# EXERCISE DESCRIPTION
In full and exactly, please return the records, but keep out the pictures.

--- SOURCE DATA Enclosed Below ---

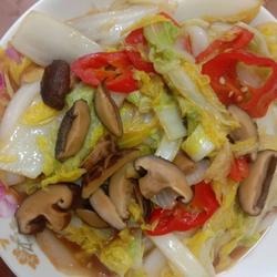 2. Saute the mushrooms and red pepper and add the baby cabbage.After sautéing until fragrant, add salt, oyster sauce and light soy sauce.
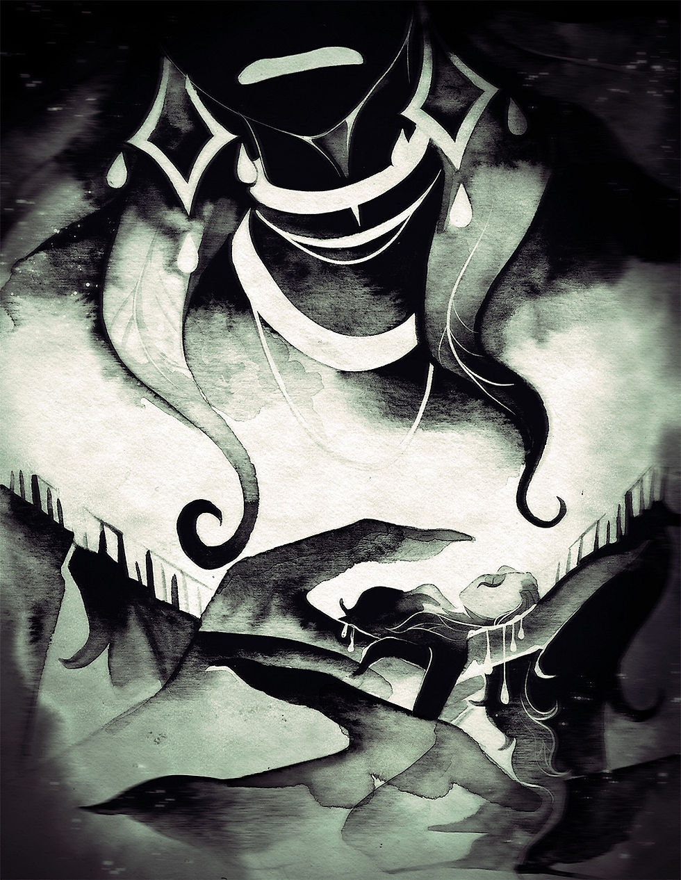 Ses crocs poussèrent, ses sclères devinrent noires, et bientôt il fut aussi grand qu’un homme. Et plus il grandissait, plus sa rage en faisant de même, son esprit se durcissant tandis qu’il devenait un ogre.
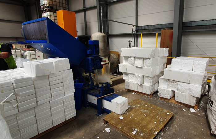 Polystyrene edging foam is one of the hardest materials to recycle but the approach here is to ‘re-use’ and edging material that is in good enough condition is marked with a dot each time it is sent out and the internal record for this currently stands at 7 uses. Eventually the foam has to be recycled and this starts with a mechanical process to compress it to remove the air and this results in a lorry load of polystyrene being compressed down to a very dense one cubic metre block. Each year Sustain recycles the equivalent of 50 articulated trucks of polystyrene much of it going to be use in insulation, and to make products such as park benches, decking, bannisters.
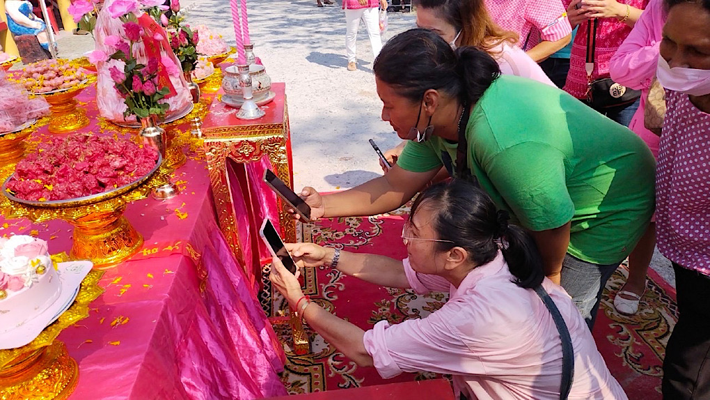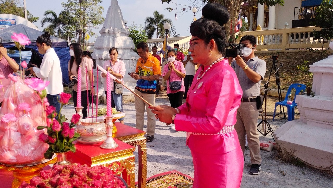 สุพรรณบุรี วันวาเลนไทน์ขอพรหลวงพ่อสีชมพูลุ้นเลขหางประทัดคึกคัก
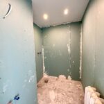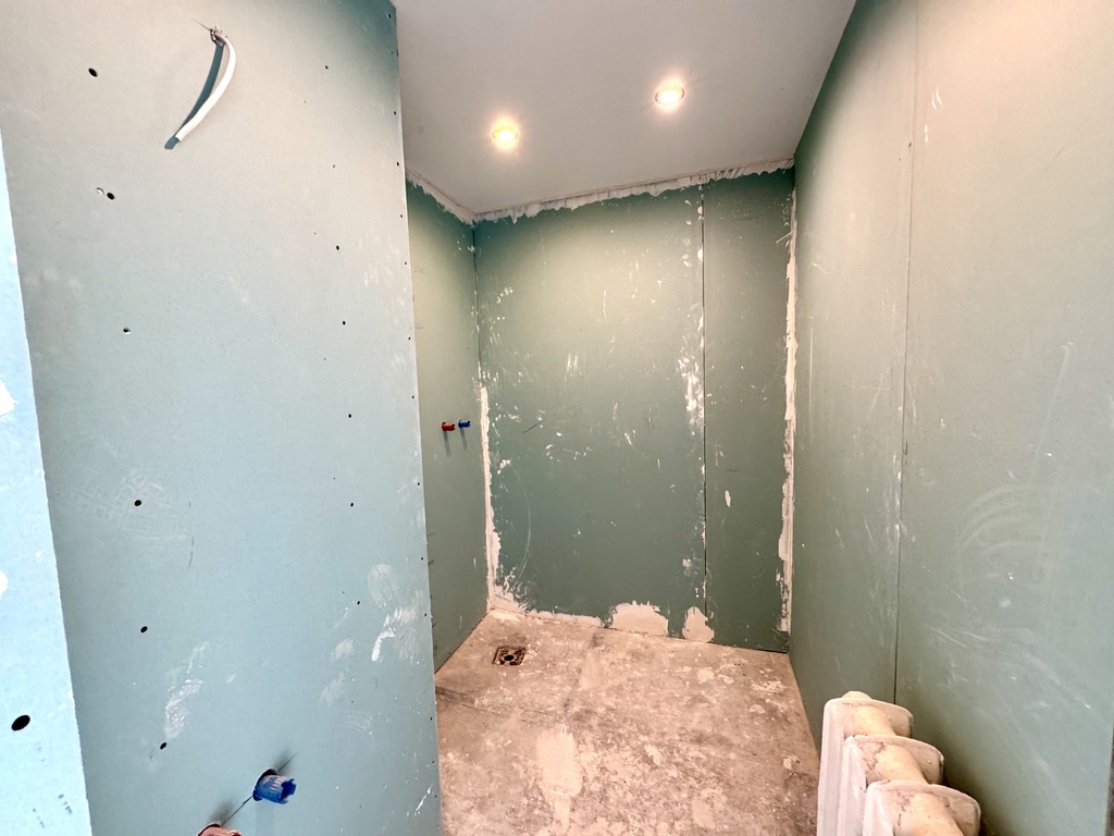 W łazience wyprowadzona instalacja sanitarna i elektryczna, został podwieszony sufit i położone regipsy - przygotowane pod kafelki i armaturę wg. własnego uznania
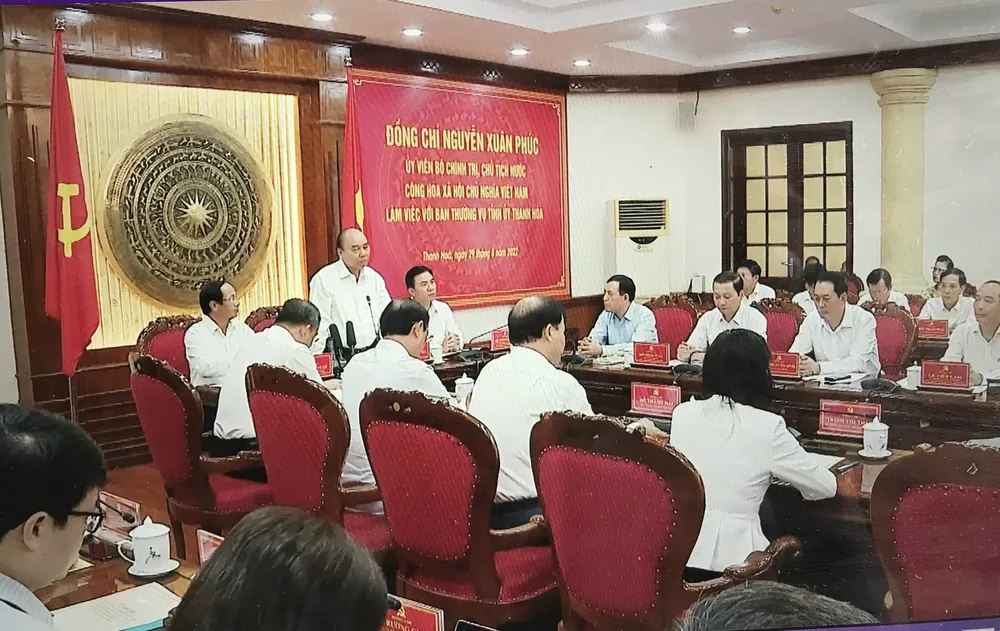 Sáng 29-8, Chủ tịch nước Nguyễn Xuân Phúc chủ trì buổi làm việc với Ban Thường vụ Tỉnh ủy Thanh Hóa về phát triển kinh tế - xã hội và bảo đảm quốc phòng-an ninh trên địa bàn tỉnh. Cùng dự có Phó Thủ tướng Lê Văn Thành và lãnh đạo một số bộ, ngành Trung ương.
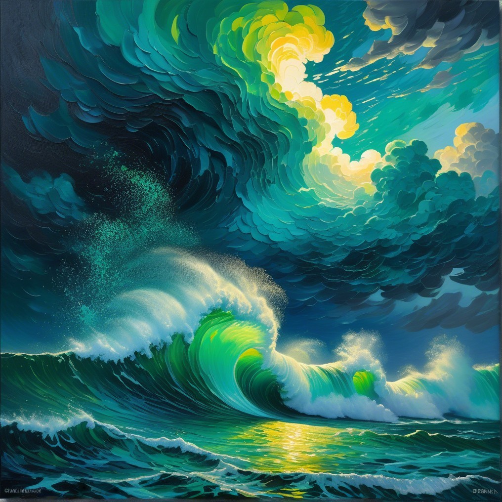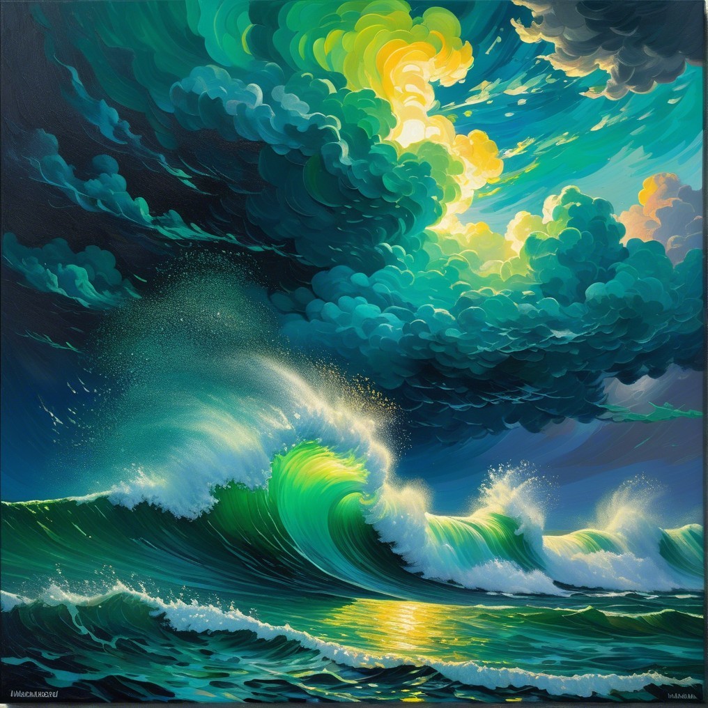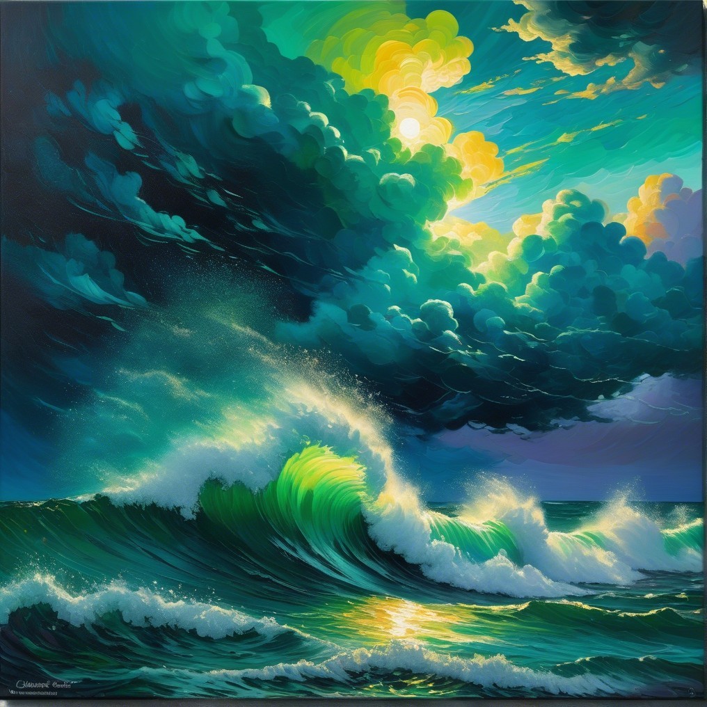 A vibrant seascape features powerful green waves crashing against a dark, stormy sky. Sunlight pierces through clouds, illuminating the ocean with a mesmerizing glow, creating a dramatic, dynamic scene.

--- End of Enclosed SOURCE DATA ---

# RESULT
 2. Saute the mushrooms and red pepper and add the baby cabbage.After sautéing until fragrant, add salt, oyster sauce and light soy sauce.
 Ses crocs poussèrent, ses sclères devinrent noires, et bientôt il fut aussi grand qu’un homme. Et plus il grandissait, plus sa rage en faisant de même, son esprit se durcissant tandis qu’il devenait un ogre.
 Polystyrene edging foam is one of the hardest materials to recycle but the approach here is to ‘re-use’ and edging material that is in good enough condition is marked with a dot each time it is sent out and the internal record for this currently stands at 7 uses. Eventually the foam has to be recycled and this starts with a mechanical process to compress it to remove the air and this results in a lorry load of polystyrene being compressed down to a very dense one cubic metre block. Each year Sustain recycles the equivalent of 50 articulated trucks of polystyrene much of it going to be use in insulation, and to make products such as park benches, decking, bannisters.
 สุพรรณบุรี วันวาเลนไทน์ขอพรหลวงพ่อสีชมพูลุ้นเลขหางประทัดคึกคัก
 W łazience wyprowadzona instalacja sanitarna i elektryczna, został podwieszony sufit i położone regipsy - przygotowane pod kafelki i armaturę wg. własnego uznania
 Sáng 29-8, Chủ tịch nước Nguyễn Xuân Phúc chủ trì buổi làm việc với Ban Thường vụ Tỉnh ủy Thanh Hóa về phát triển kinh tế - xã hội và bảo đảm quốc phòng-an ninh trên địa bàn tỉnh. Cùng dự có Phó Thủ tướng Lê Văn Thành và lãnh đạo một số bộ, ngành Trung ương.
 A vibrant seascape features powerful green waves crashing against a dark, stormy sky. Sunlight pierces through clouds, illuminating the ocean with a mesmerizing glow, creating a dramatic, dynamic scene.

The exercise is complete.